Start of INFORMATION SHOWN
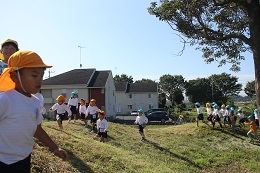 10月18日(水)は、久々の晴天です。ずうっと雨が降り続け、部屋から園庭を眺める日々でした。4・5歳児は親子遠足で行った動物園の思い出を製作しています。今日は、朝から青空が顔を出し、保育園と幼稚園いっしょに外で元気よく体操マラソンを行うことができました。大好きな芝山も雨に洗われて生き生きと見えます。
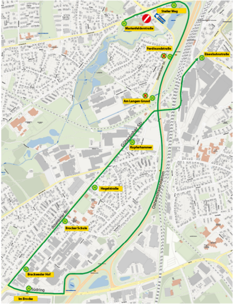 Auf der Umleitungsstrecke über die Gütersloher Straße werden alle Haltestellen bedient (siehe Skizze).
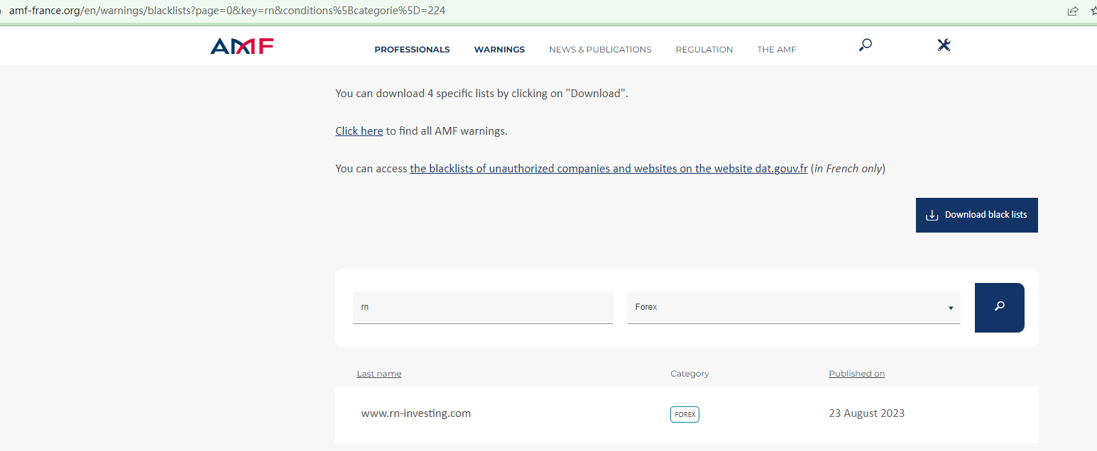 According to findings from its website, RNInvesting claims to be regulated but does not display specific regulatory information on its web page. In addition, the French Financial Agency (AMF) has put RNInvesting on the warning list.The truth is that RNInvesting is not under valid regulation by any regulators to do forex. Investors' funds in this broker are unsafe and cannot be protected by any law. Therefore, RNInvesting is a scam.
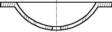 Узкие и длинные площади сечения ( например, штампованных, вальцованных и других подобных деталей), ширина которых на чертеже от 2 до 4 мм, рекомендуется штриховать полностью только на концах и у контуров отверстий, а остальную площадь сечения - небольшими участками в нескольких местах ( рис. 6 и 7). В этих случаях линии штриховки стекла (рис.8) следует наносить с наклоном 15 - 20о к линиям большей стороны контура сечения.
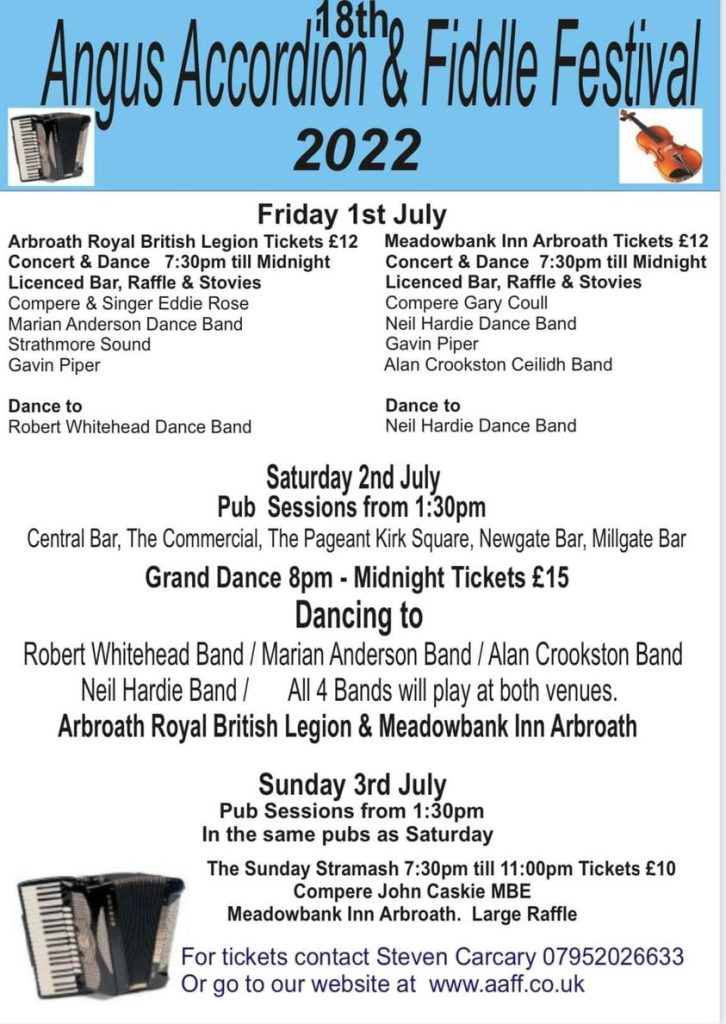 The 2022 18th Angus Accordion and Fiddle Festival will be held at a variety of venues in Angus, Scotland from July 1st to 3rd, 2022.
End of INFORMATION SHOWN
WHAT THE TASK REQUIRES> Without the pictures, write out the listing exactly as it appears above.

SOLUTION TO THIS TASK>
 10月18日(水)は、久々の晴天です。ずうっと雨が降り続け、部屋から園庭を眺める日々でした。4・5歳児は親子遠足で行った動物園の思い出を製作しています。今日は、朝から青空が顔を出し、保育園と幼稚園いっしょに外で元気よく体操マラソンを行うことができました。大好きな芝山も雨に洗われて生き生きと見えます。
 Auf der Umleitungsstrecke über die Gütersloher Straße werden alle Haltestellen bedient (siehe Skizze).
 According to findings from its website, RNInvesting claims to be regulated but does not display specific regulatory information on its web page. In addition, the French Financial Agency (AMF) has put RNInvesting on the warning list.The truth is that RNInvesting is not under valid regulation by any regulators to do forex. Investors' funds in this broker are unsafe and cannot be protected by any law. Therefore, RNInvesting is a scam.
 Узкие и длинные площади сечения ( например, штампованных, вальцованных и других подобных деталей), ширина которых на чертеже от 2 до 4 мм, рекомендуется штриховать полностью только на концах и у контуров отверстий, а остальную площадь сечения - небольшими участками в нескольких местах ( рис. 6 и 7). В этих случаях линии штриховки стекла (рис.8) следует наносить с наклоном 15 - 20о к линиям большей стороны контура сечения.
 The 2022 18th Angus Accordion and Fiddle Festival will be held at a variety of venues in Angus, Scotland from July 1st to 3rd, 2022.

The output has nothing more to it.